Mr Pelham: Both pictures you presented
reflect a degree of the reality. Certainly in the aftermath of
the war there was absolute chaos: there was no system of government,
utilities had broken down, there was no power, no water, no schooling
and the United Stated led coalition has had considerable impact
in re-establishing a degree of order. That re-establishment of
a semblance of order has presented far greater challenges to those
elements within Iraq which are extremely unhappy with an American
presence in the country. The sense after the war was that many
Iraqis were on the whole favourably disposed to the American presence
there, there had been very little resistance to the war itself,
to the United States invasion, the bulk of the army had melted
away. What you have seen over the past six or seven months is
an ebbing away of the enthusiasm and the trust which many Iraqis
had placed in the United States and bafflement at their inability,
as many Iraqis see it, to deliver the shock and awe of not just
conquest but destruction.
Q69 Chairman: We shall be coming
on to what is needed to restore that element of trust, but have
the conditions of life for the ordinary Iraqi improved or deteriorated
in your judgment, compared with the latter days of the Saddam
Hussein regime?
Mr Pelham: There was a dramatic
deterioration in the provision of services and the United States
have been fairly successful in trying to bring back the power
to the level it was before the war, to bring back the water supply
to the level it was before the war and hospital services to the
level they were before the war. There have been some significant
improvements in salary payments to government employees; a dramatic
increase in teachers' pay from a handful of dollars a month to
$200 a month. But the comparison many Iraqis are making is not
so much to the period when sanctions were in effect, but the period
before 1991 sanctions, and their salaries are still not at the
level of pre-1991.
Q70 Chairman: Can you tell us where
you see the actual money being spent successfully? What physical
signs are there that all this money which is going to Iraq is
bearing fruit?
Mr Pelham: The bulk of the money
which has been going into Iraq is military money. At the moment
not many Iraqis have felt that there is much sign of money going
into reconstruction. Bridges which were down as a result of the
war are still down and there are very few cranes on the horizon.

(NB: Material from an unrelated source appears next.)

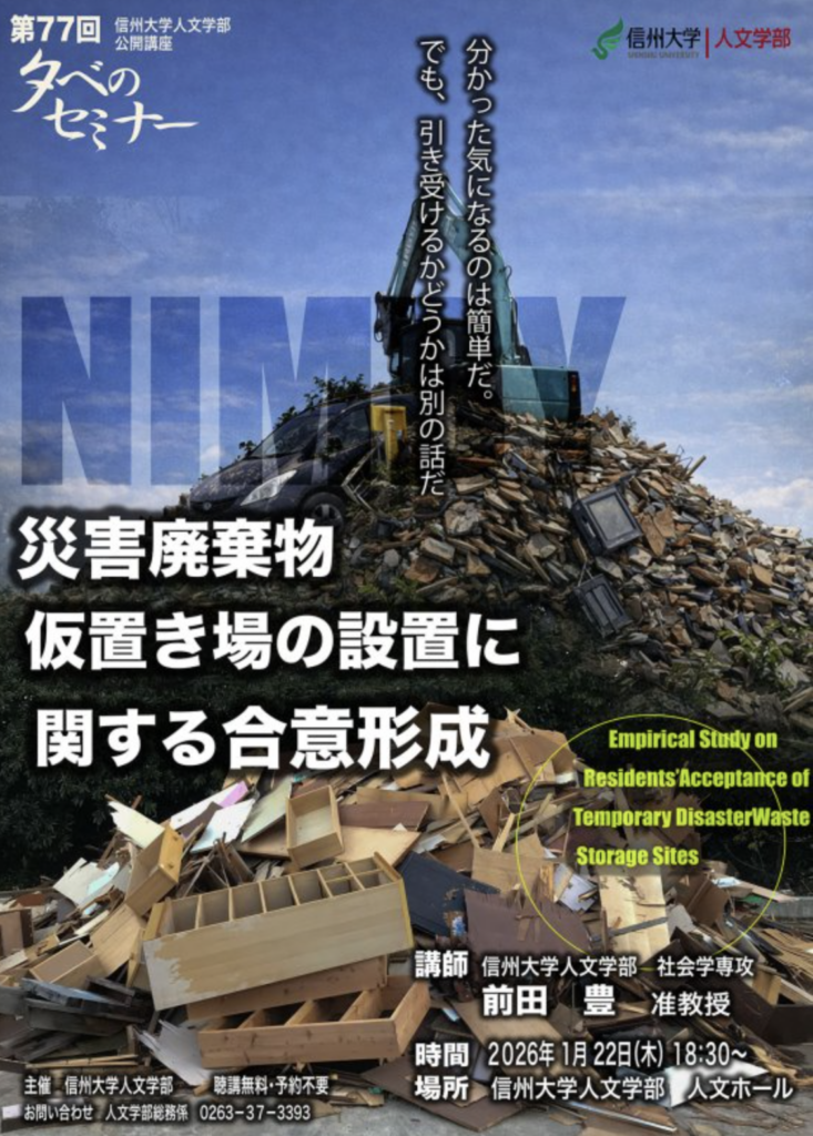 人文学部公開講座 第77回夕べのセミナー「災害廃棄物仮置き場の設置に関する合意形成」開催のお知らせ
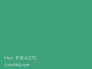 Hex #3ea37d Color is a normal green color and the nearest color is Ocean Green #41aa78. Hex code #3ea37d and RGB value is rgb(62,163,125). In RGB color space, this color is composed of 24% red, 64% green, 49% blue, In CMYK color space, this color is composed of 62% cyan, 0% magenta, 23% yellow , 36% black , In HSL color space, this color has a hue angle of 157° , 45% saturation and 44% lightness.

There are fewer cranes on the horizon in cities than there were
prior to the war, less large-scale construction activity than
there was before the war. The bulk of the money is going into
the payment of salaries, if you like sweeteners to the Iraqis.
The other area where there has been a dramatic increase in spending
power is in people's ability to import goods tax and tariff free.
Q71 Chairman: That is a pretty depressing
picture, that there are relatively few cranes around, little evidence
of civil engineering works, schools, hospitals.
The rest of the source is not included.